» **Provided data**

---------------

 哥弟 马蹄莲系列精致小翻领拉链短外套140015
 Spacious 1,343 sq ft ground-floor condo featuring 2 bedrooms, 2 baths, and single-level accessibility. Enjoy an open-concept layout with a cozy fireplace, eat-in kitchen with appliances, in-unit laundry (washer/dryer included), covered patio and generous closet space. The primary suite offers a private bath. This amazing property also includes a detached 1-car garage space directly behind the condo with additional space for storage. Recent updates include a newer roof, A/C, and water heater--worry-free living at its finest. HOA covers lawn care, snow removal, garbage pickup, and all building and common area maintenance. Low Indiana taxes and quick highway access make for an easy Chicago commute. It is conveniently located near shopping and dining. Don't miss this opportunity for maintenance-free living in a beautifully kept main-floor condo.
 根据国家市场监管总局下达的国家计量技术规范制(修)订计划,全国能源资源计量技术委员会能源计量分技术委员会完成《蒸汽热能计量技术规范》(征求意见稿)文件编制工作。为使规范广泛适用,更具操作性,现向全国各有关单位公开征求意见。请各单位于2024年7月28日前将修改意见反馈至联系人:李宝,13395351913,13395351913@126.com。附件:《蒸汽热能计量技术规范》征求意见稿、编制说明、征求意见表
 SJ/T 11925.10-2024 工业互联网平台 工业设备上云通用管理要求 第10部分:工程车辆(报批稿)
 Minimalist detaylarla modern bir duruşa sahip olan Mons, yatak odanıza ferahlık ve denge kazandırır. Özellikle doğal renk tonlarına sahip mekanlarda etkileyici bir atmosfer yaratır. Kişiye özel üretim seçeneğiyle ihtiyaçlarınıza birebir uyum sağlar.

---------------

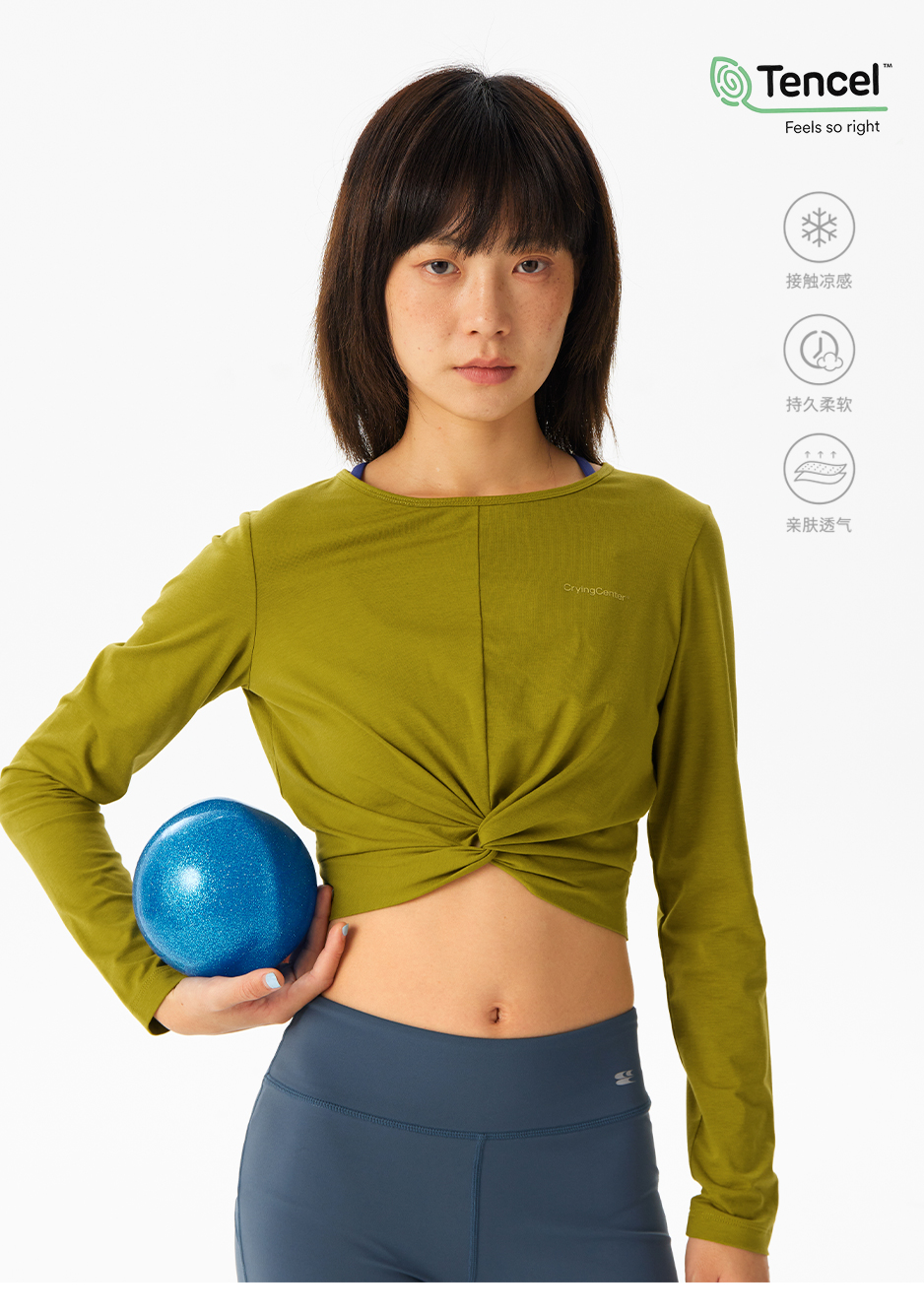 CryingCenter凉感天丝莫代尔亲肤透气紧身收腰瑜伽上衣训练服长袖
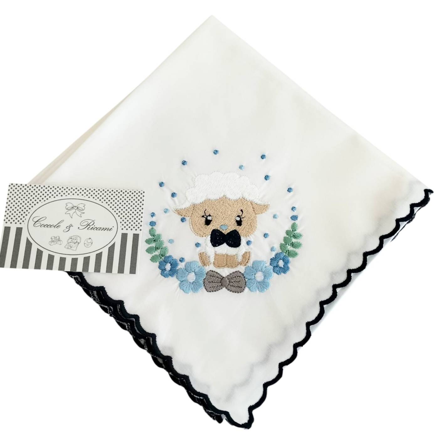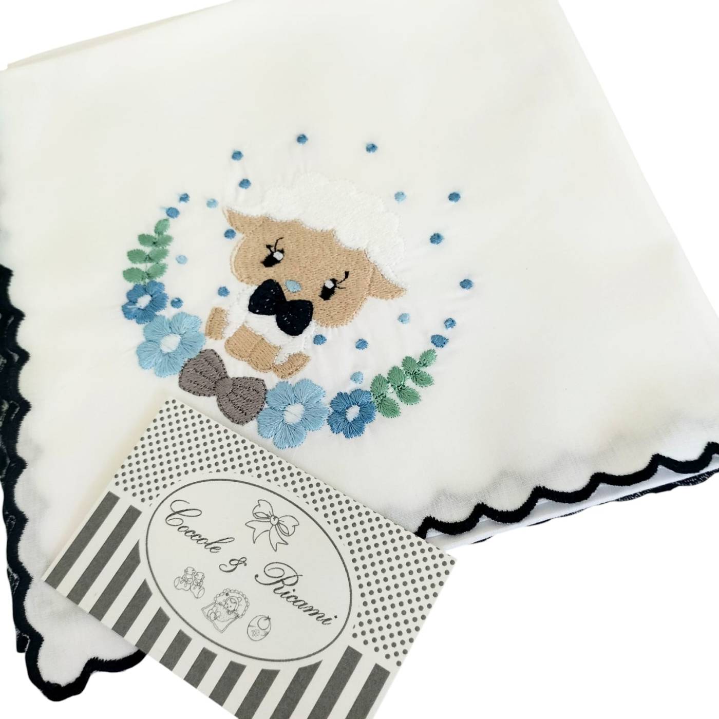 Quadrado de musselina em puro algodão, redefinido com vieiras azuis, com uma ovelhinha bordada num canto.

---------------

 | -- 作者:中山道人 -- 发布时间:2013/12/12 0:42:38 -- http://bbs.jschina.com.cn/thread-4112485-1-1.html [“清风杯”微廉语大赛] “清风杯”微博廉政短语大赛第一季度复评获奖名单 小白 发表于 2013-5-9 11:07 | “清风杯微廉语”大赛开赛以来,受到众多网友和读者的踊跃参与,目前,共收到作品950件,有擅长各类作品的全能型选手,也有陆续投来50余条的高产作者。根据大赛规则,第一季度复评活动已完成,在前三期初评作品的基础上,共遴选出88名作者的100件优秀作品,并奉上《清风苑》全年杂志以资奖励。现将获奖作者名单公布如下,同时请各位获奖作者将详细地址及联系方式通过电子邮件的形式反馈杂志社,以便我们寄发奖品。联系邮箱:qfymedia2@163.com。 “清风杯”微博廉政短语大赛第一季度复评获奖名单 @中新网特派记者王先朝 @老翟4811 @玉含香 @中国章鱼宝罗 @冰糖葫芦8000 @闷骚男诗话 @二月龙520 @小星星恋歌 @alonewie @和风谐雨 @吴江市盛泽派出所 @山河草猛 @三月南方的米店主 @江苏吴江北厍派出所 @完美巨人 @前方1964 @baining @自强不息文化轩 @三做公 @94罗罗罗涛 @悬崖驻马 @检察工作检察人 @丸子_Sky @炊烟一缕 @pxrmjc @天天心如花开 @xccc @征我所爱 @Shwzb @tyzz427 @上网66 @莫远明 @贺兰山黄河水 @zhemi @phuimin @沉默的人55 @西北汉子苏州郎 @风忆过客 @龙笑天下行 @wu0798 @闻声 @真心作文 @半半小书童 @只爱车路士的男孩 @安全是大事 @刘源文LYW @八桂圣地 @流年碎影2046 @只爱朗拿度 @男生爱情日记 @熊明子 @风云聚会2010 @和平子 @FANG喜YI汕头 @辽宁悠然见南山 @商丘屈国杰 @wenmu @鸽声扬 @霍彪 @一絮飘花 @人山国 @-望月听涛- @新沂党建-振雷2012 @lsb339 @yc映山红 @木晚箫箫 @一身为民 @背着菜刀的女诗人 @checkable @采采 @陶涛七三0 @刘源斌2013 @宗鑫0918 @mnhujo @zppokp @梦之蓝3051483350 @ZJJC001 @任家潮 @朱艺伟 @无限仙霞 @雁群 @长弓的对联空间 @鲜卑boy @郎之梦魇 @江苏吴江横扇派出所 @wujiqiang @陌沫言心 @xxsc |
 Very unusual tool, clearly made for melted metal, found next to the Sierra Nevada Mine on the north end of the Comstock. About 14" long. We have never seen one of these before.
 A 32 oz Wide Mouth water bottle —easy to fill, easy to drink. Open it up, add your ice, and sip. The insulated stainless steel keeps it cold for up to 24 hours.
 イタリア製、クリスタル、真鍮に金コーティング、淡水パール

---------------

» **Exercise description**
As the answer, set down only the lines from the data above between the one holding "哥弟 马蹄莲系列精致小翻领拉链短外套140015" and the one holding "Spacious 1,343 sq", inclusive, exactly as they read.

» **Solution to this task**
 哥弟 马蹄莲系列精致小翻领拉链短外套140015
 Spacious 1,343 sq ft ground-floor condo featuring 2 bedrooms, 2 baths, and single-level accessibility. Enjoy an open-concept layout with a cozy fireplace, eat-in kitchen with appliances, in-unit laundry (washer/dryer included), covered patio and generous closet space. The primary suite offers a private bath. This amazing property also includes a detached 1-car garage space directly behind the condo with additional space for storage. Recent updates include a newer roof, A/C, and water heater--worry-free living at its finest. HOA covers lawn care, snow removal, garbage pickup, and all building and common area maintenance. Low Indiana taxes and quick highway access make for an easy Chicago commute. It is conveniently located near shopping and dining. Don't miss this opportunity for maintenance-free living in a beautifully kept main-floor condo.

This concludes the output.